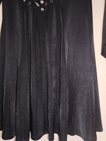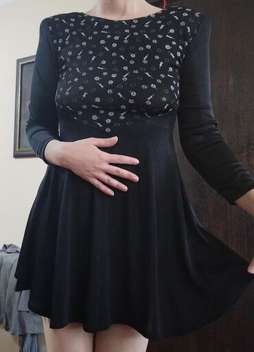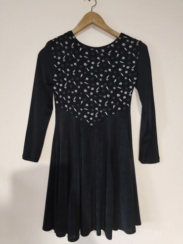 Crna haljina sa dugim rukavima i kružnom, lepršavom suknjom. Gornji deo je ukrašen panelom u obliku blagog V (prema struku) sa sitnim belim motivima (cvetići, krugovi i simboli), dok je ostatak haljine jednobojan. Okrugao izrez, struk naglašen, suknja se širi u A-kroju i lepo pada. Tkanina je meka i elastična, prijatna za nošenje, sa blagim sjajem. Dužina iznad kolena. Pogodna za svakodnevne prilike i večernje izlaske; lako se kombinuje sa čarapama, čizmama ili baletankama.
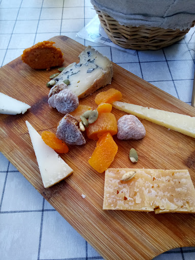 The service was not good, the cheese plate was minimal, the wine was mediocre. The tables are outside and it's set up nicely in a nice area. I don't know if it was because I was alone or maybe because I was speaking English but the waiter with the grey beard, an older guy, with a belly was really dismissive and unkind. And he directed the waiter that was serving me and being helpful and kind, he was a young handsome fella to go away. The young waiter was trying to find the price for a bottle of wine for me and the other guy was like forget it just say €28 so I just bought a cup for €4. The cheese board was literally five pieces of cheese and they weren't even sliced generously. It had pieces of figs, a soft sugar coated fruit and a few pumpkin seeds. The only thing that was delicious was the €5 small glass of cuban mojito sorbet. That drink was tasty but small. I would not go back to this...
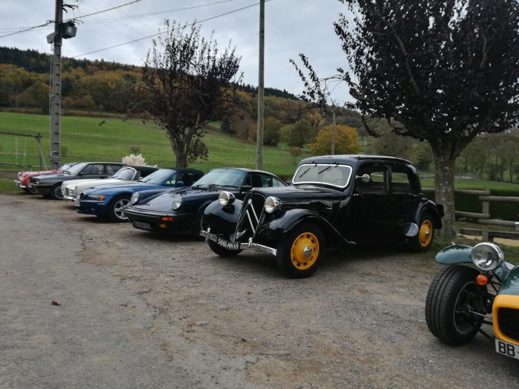 Les Monts du Lyonnais sont toujours à découvrir ; les petites routes choisies par Xavier étaient, pour beaucoup d’entre nous une vraie découverte. De plus la météo plutôt favorable en ce matin du 25/10, a permis aux cabriolets présents « d’enlever le toit » et ainsi permettre à leurs occupants de bien profiter de la palette de couleurs automnales flamboyantes que nous offre cette belle région.
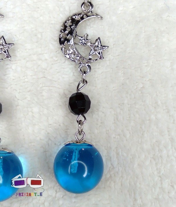 Aros con diversidad de materiales de dijes inspirados en la Titan de la Luna de la mitologia griega. Contienen un dije de luna con estrella metalica en la parte superior, seguidos por una perla negra y una esfera celesta realizada en resina artesanalmente. Dignos para hacerle culto al iconico personaje de la mitología griega. Diseño original, con 8 cm de largo.
◆ ◆ ◆ ◆ ◆ ◆ ◆
> _Assigned task_: Omit the pictures, then copy out all the data exactly as it stands.

> _Task solution_:
 Crna haljina sa dugim rukavima i kružnom, lepršavom suknjom. Gornji deo je ukrašen panelom u obliku blagog V (prema struku) sa sitnim belim motivima (cvetići, krugovi i simboli), dok je ostatak haljine jednobojan. Okrugao izrez, struk naglašen, suknja se širi u A-kroju i lepo pada. Tkanina je meka i elastična, prijatna za nošenje, sa blagim sjajem. Dužina iznad kolena. Pogodna za svakodnevne prilike i večernje izlaske; lako se kombinuje sa čarapama, čizmama ili baletankama.
 The service was not good, the cheese plate was minimal, the wine was mediocre. The tables are outside and it's set up nicely in a nice area. I don't know if it was because I was alone or maybe because I was speaking English but the waiter with the grey beard, an older guy, with a belly was really dismissive and unkind. And he directed the waiter that was serving me and being helpful and kind, he was a young handsome fella to go away. The young waiter was trying to find the price for a bottle of wine for me and the other guy was like forget it just say €28 so I just bought a cup for €4. The cheese board was literally five pieces of cheese and they weren't even sliced generously. It had pieces of figs, a soft sugar coated fruit and a few pumpkin seeds. The only thing that was delicious was the €5 small glass of cuban mojito sorbet. That drink was tasty but small. I would not go back to this...
 Les Monts du Lyonnais sont toujours à découvrir ; les petites routes choisies par Xavier étaient, pour beaucoup d’entre nous une vraie découverte. De plus la météo plutôt favorable en ce matin du 25/10, a permis aux cabriolets présents « d’enlever le toit » et ainsi permettre à leurs occupants de bien profiter de la palette de couleurs automnales flamboyantes que nous offre cette belle région.
 Aros con diversidad de materiales de dijes inspirados en la Titan de la Luna de la mitologia griega. Contienen un dije de luna con estrella metalica en la parte superior, seguidos por una perla negra y una esfera celesta realizada en resina artesanalmente. Dignos para hacerle culto al iconico personaje de la mitología griega. Diseño original, con 8 cm de largo.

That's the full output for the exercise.